> [RAW DATA]
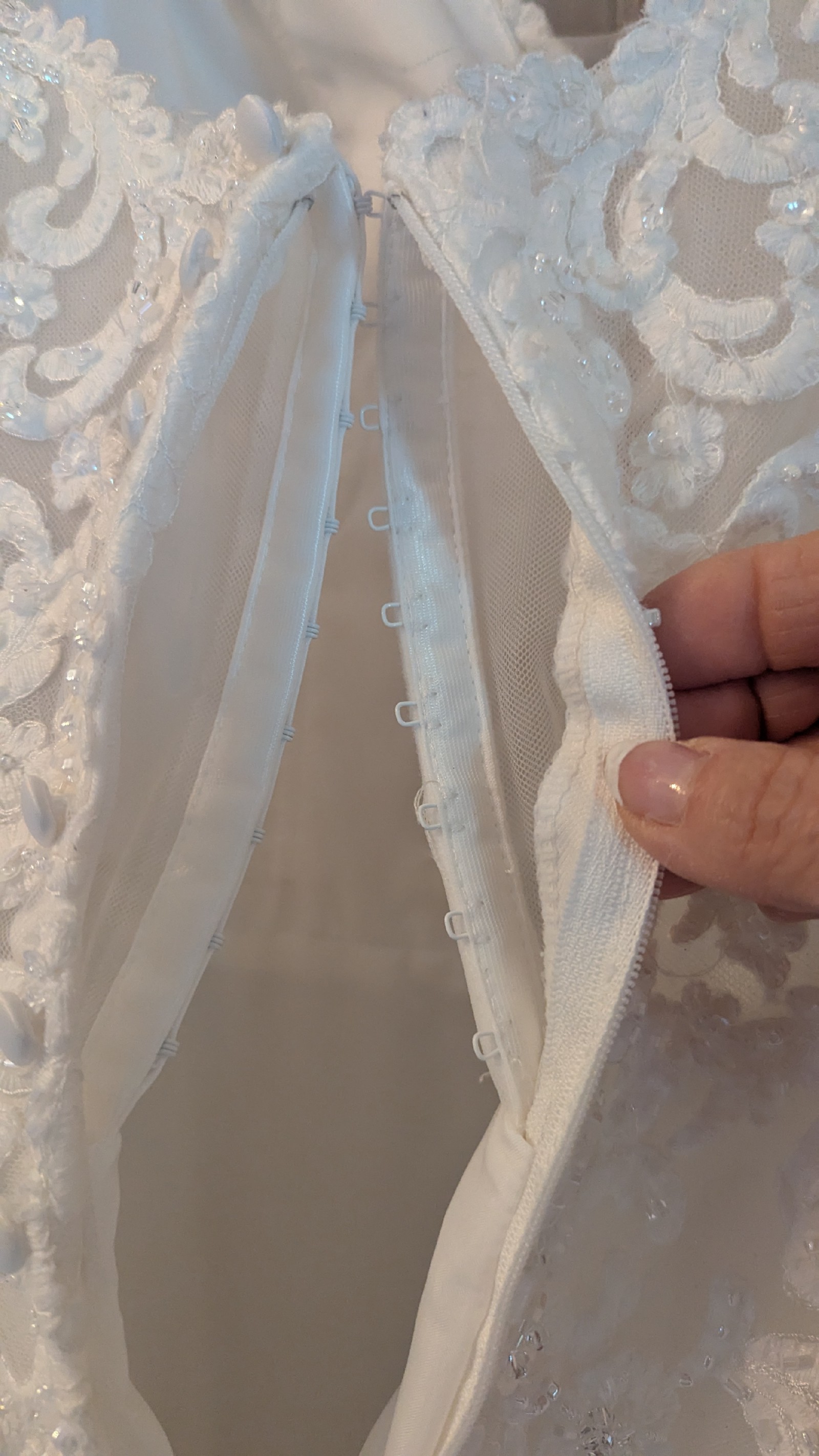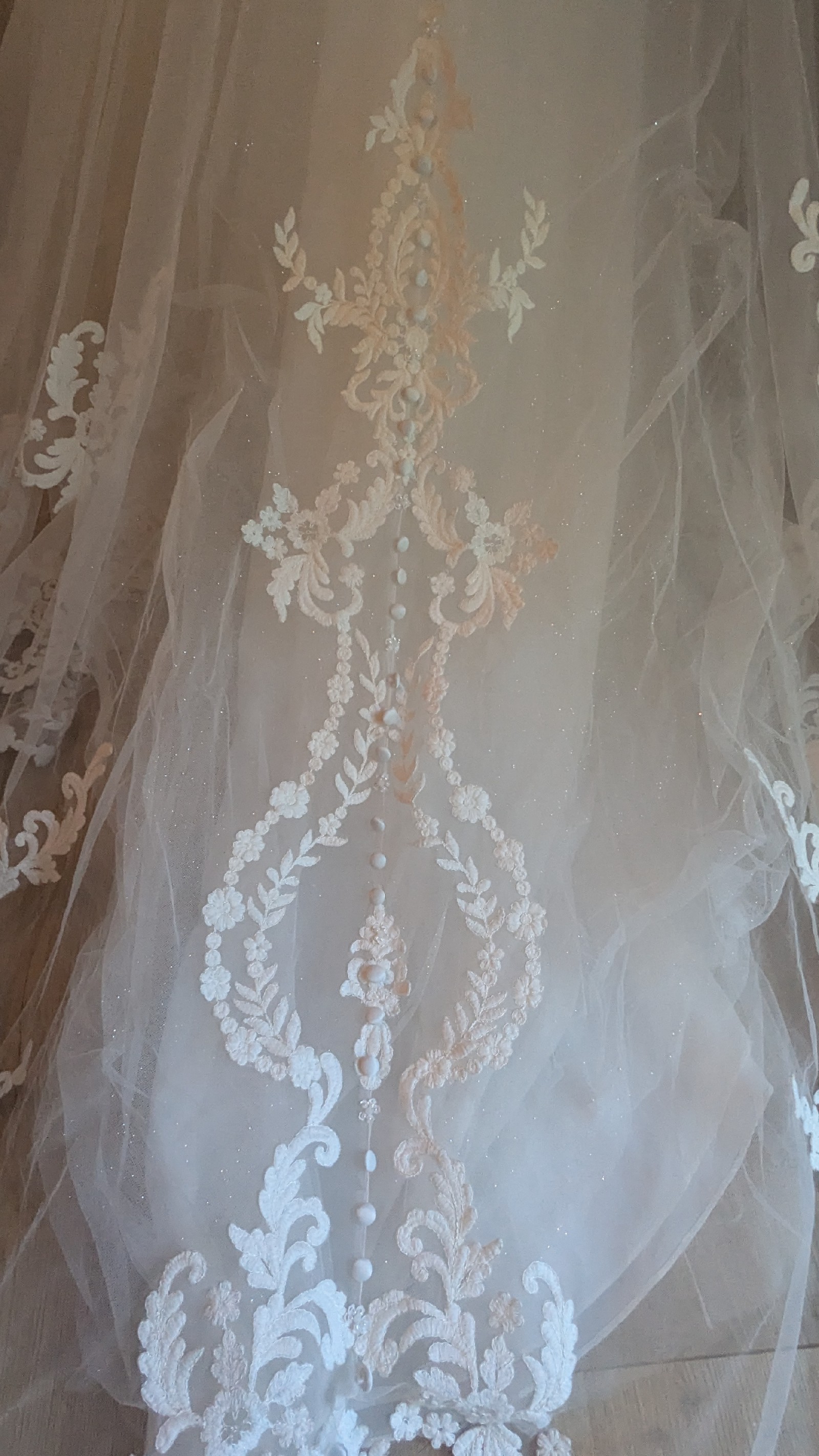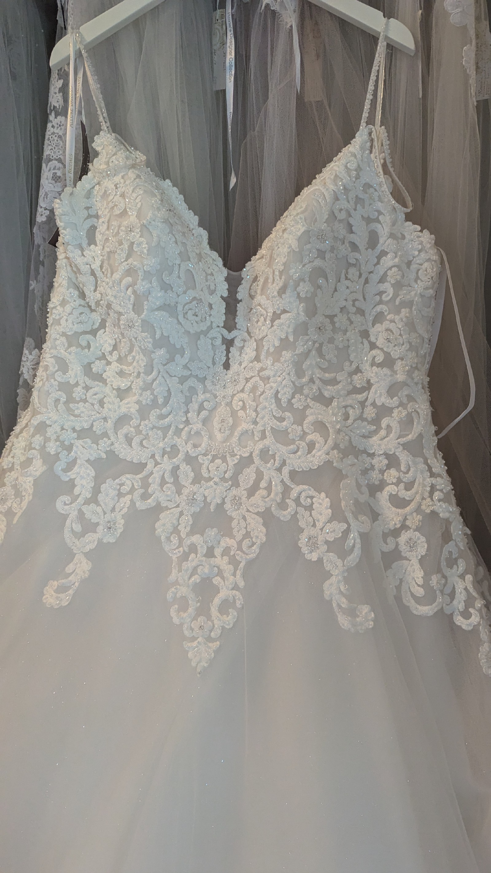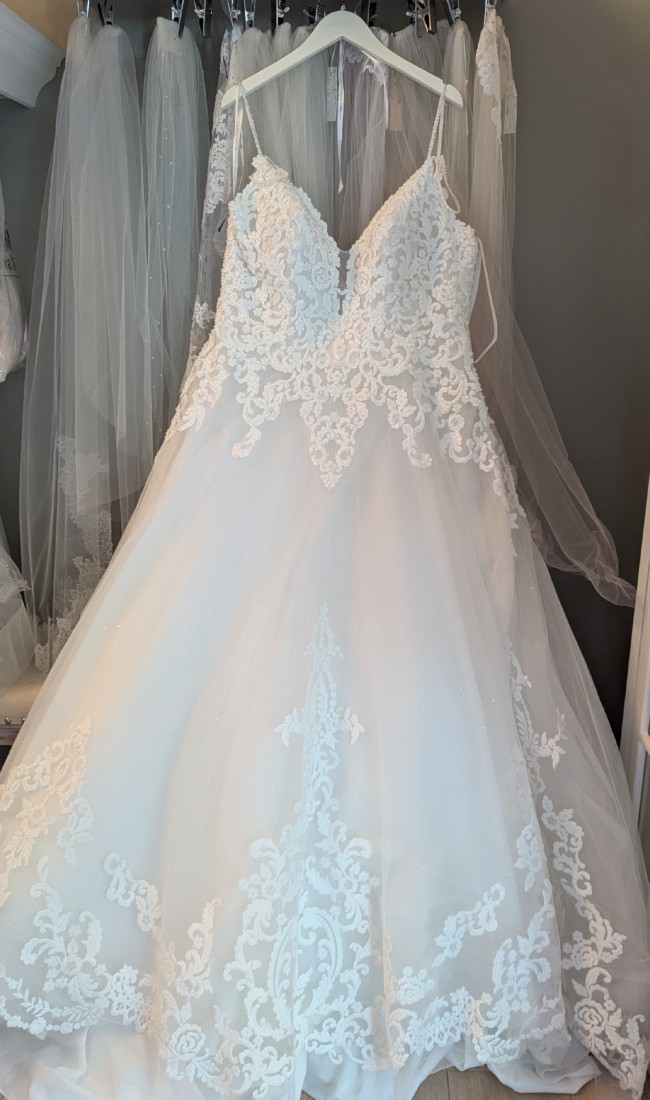 A beautiful and a romantic airline bridal gown from allure bridal spring 2020 wedding dress collection this Lacey dream dress is style 9732. It has comfortable straps and a plunging sweetheart neckline. It's flirty and fun. Perfect for the destination, or formal church wedding. Distress is a store sample. It's in great condition. Never want to any event.
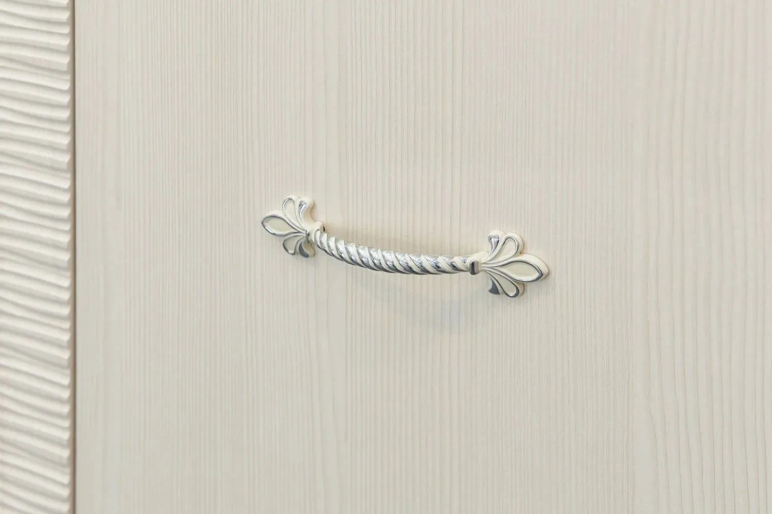 Отличительная черта серии "Элана" - вертикальные рифленые накладки на фасаде шкафа.
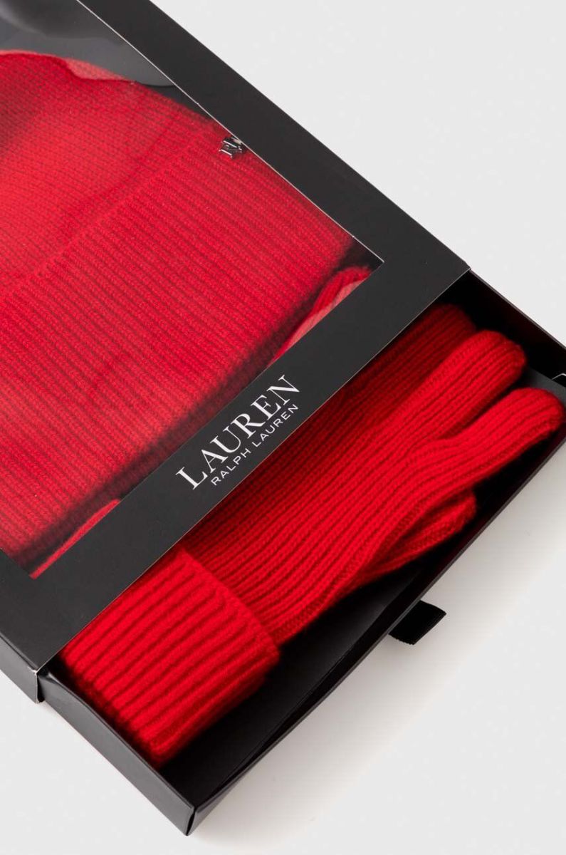 Вовняні шапка та рукавички Lauren Ralph Lauren колір червоний Один розмір

> [WHAT THE TASK ASKS]
Give back the material word for word, without images.

> [TASK SOLUTION]
 A beautiful and a romantic airline bridal gown from allure bridal spring 2020 wedding dress collection this Lacey dream dress is style 9732. It has comfortable straps and a plunging sweetheart neckline. It's flirty and fun. Perfect for the destination, or formal church wedding. Distress is a store sample. It's in great condition. Never want to any event.
 Отличительная черта серии "Элана" - вертикальные рифленые накладки на фасаде шкафа.
 Вовняні шапка та рукавички Lauren Ralph Lauren колір червоний Один розмір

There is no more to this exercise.